— Work instructions —
Reproduce the listing below exactly, except for its pictures.

— Dataset content —
- Opening Delimiter -
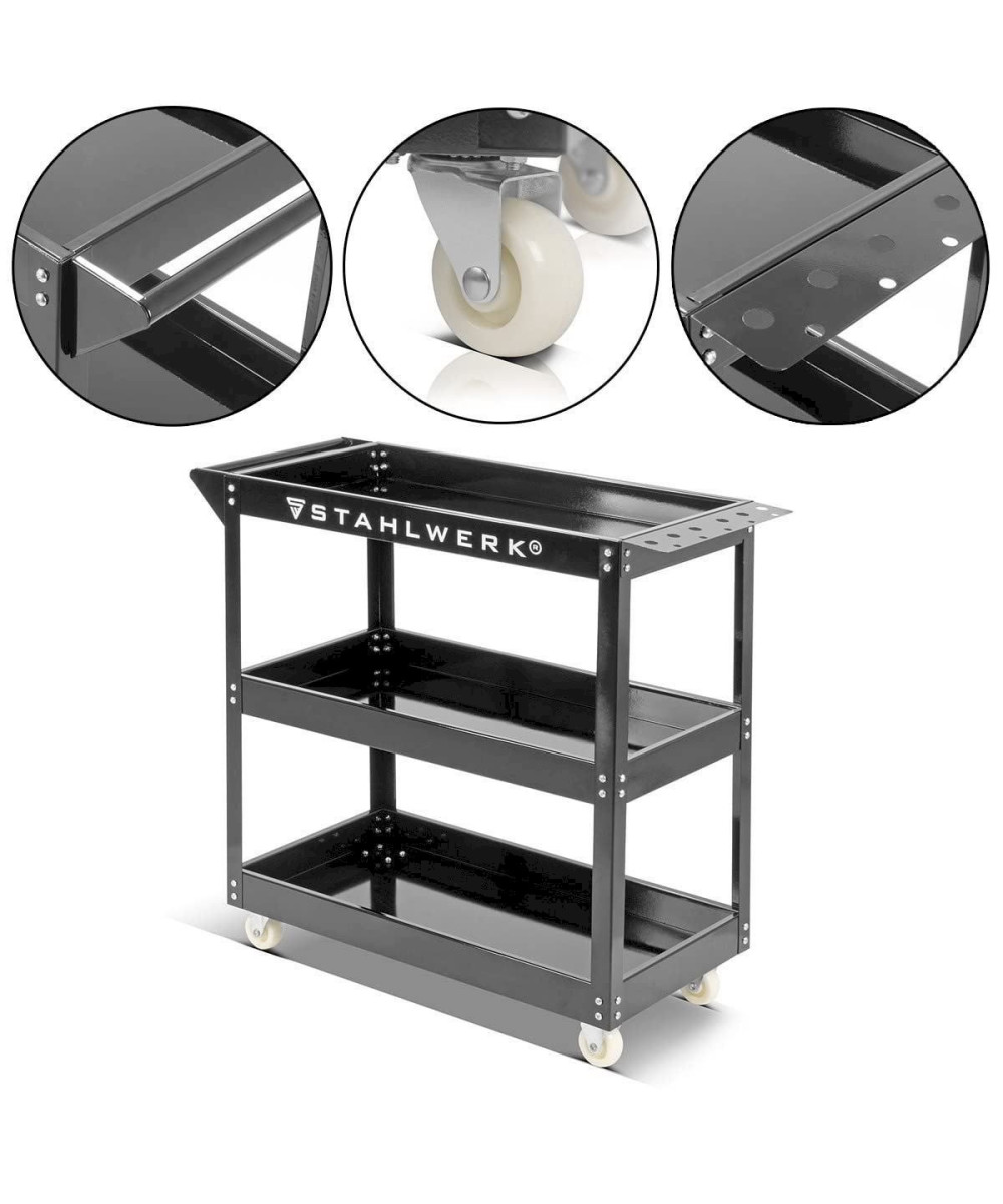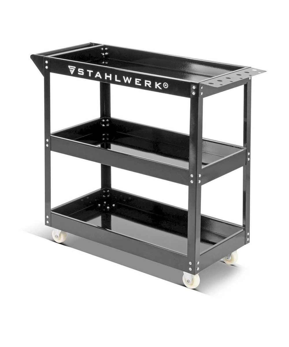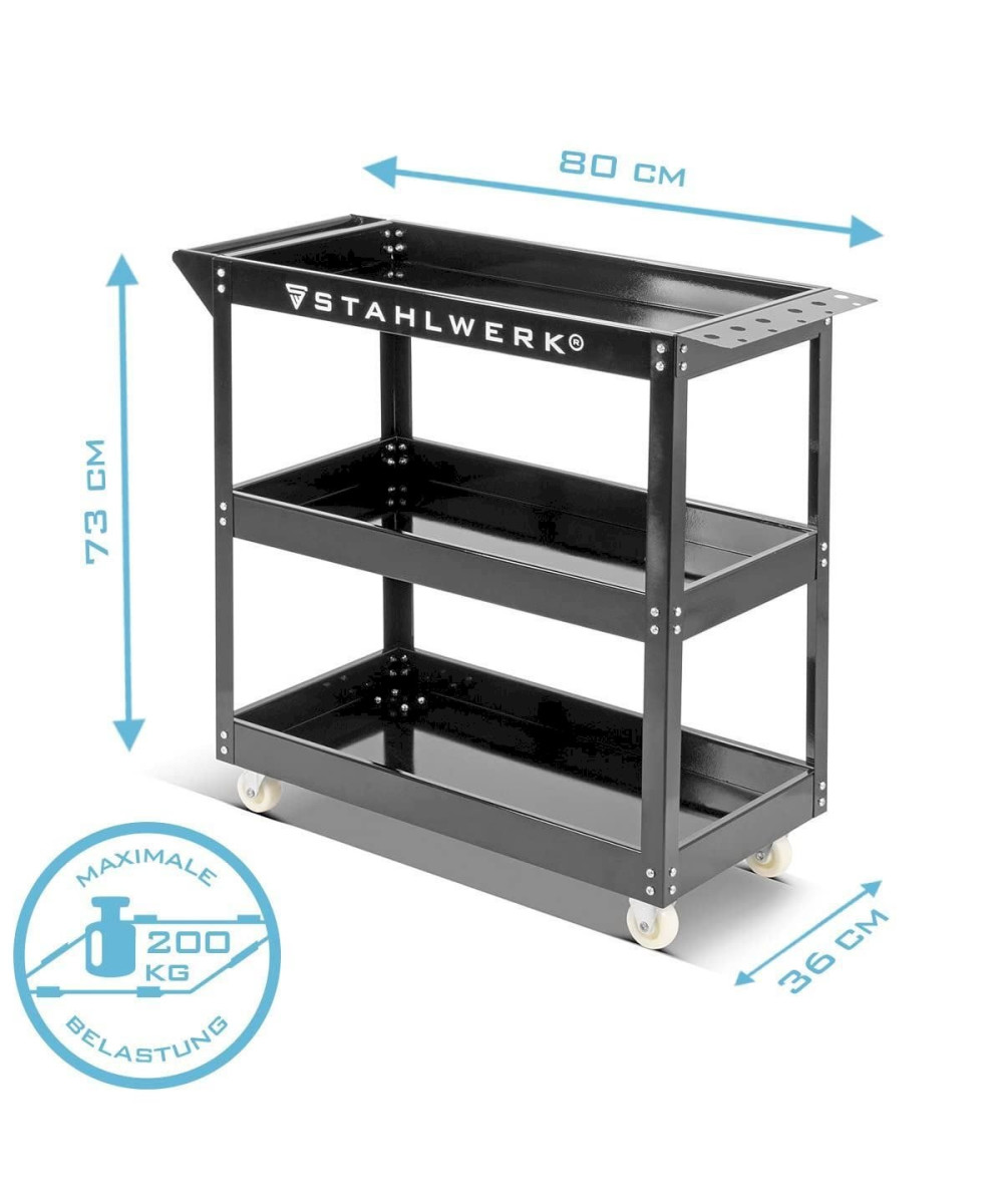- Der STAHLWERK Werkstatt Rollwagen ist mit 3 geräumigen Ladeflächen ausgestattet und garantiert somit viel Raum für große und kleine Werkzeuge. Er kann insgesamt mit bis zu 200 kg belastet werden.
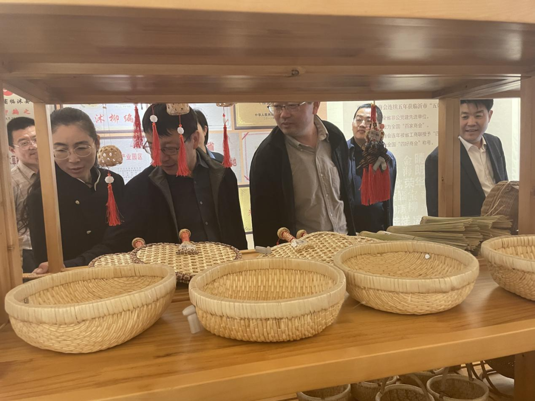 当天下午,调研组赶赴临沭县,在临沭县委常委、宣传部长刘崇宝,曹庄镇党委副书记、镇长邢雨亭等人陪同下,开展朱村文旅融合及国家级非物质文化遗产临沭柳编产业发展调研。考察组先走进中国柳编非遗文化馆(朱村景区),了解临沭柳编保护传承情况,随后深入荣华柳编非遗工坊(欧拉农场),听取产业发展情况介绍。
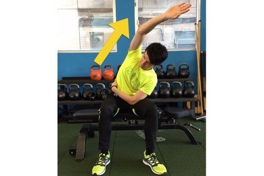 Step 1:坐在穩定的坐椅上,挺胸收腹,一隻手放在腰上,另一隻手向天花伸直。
- Closing Delimiter -
— Solution —
- Der STAHLWERK Werkstatt Rollwagen ist mit 3 geräumigen Ladeflächen ausgestattet und garantiert somit viel Raum für große und kleine Werkzeuge. Er kann insgesamt mit bis zu 200 kg belastet werden.
 当天下午,调研组赶赴临沭县,在临沭县委常委、宣传部长刘崇宝,曹庄镇党委副书记、镇长邢雨亭等人陪同下,开展朱村文旅融合及国家级非物质文化遗产临沭柳编产业发展调研。考察组先走进中国柳编非遗文化馆(朱村景区),了解临沭柳编保护传承情况,随后深入荣华柳编非遗工坊(欧拉农场),听取产业发展情况介绍。
 Step 1:坐在穩定的坐椅上,挺胸收腹,一隻手放在腰上,另一隻手向天花伸直。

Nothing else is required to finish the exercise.